How Good People are the Secret to a Good Team

Karen Bee
Radical + Logic
Published in
3 min readNov 13, 2017

To harness goodness, it’s important to have good people on your team, people with integrity, compassion and convictions.

This is a story about a guy called Peter who is working hard on building a thing. It’s a big job, but he knows what he’s doing and his instructions are clear, he’s got all the right materials, he’s double checked the plan, and he feels good about it — he feels like he is going to be able to meet the timelines. He’s even considered that there may be changes along the way and factored extra time in.

After a few weeks into the build, Jane comes along, picks up the instruction sheet, suggests that the instructions aren’t quite right, and writes down some new instructions. They discuss it, and while this new set of instructions provides a slightly different direction, Peter reviews the new instructions carefully, he makes sure he understands, and agrees to the change.

The build takes time, and over the course of a few months, this same thing happens a couple more times. Each time the plan changes, Peter assesses the changes carefully, validating the necessity of the diversion. Peter sets back to work, he works hard, he checks his work, he talks to his colleagues about the plan, and he makes sure he’s not veering off the path. He pulls back his shoulders, takes a deep breath, focuses on the goal, makes a new commitment to the work, and starts building again. The path is clear, and he’s going to be ready.

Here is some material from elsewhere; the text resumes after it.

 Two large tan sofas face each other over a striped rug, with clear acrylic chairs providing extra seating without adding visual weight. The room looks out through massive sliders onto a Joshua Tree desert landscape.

Peter had a good feeling about the first set of instructions, and each time the plan changed, he agreed to the change. The changes didn’t change his conviction, or his commitment to completing his work. When the changes came, they didn’t make him less valuable, because Peter had been careful in his assessment of the changes.

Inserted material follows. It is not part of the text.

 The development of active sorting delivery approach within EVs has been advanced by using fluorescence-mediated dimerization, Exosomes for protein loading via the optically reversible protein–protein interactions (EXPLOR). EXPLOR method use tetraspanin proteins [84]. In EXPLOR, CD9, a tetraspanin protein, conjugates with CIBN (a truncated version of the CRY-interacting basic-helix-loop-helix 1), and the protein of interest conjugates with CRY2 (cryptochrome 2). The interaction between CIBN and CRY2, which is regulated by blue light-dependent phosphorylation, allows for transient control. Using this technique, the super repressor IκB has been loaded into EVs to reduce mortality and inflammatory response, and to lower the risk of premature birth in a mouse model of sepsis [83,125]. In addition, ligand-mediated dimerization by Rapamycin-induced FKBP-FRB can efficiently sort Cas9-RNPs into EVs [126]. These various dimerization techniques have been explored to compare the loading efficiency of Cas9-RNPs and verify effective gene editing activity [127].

If Peter had just accepted the changes each time, without conviction, he would have been flip flopping. This is something we see politicians doing all the time. They agree with something and then later disagree with it, then later agree with it again. The indecision can be painful, and it seems manipulative.

There is never one path, and there is never one set of instructions. We want to know that the people we hire have convictions that won’t waver, we want to somehow know that they have opinions, and that they are righteous. I don’t know if it’s possible to test for that at the beginning, because we can’t always know that people are going to be like Peter. It is possible though to test the work along the way, to validate that they are working hard, that they understand what they’re doing and why they’re doing it. It’s also possible to assess goodness. That’s why we have probationary reviews and one-on-ones, not just to look at the work they’re doing, but to tap in to who they are, what they’re here for, what they want.

Good people are like candles — they burn themselves up to give others light. Good people don’t have to say they’re good, it just shows.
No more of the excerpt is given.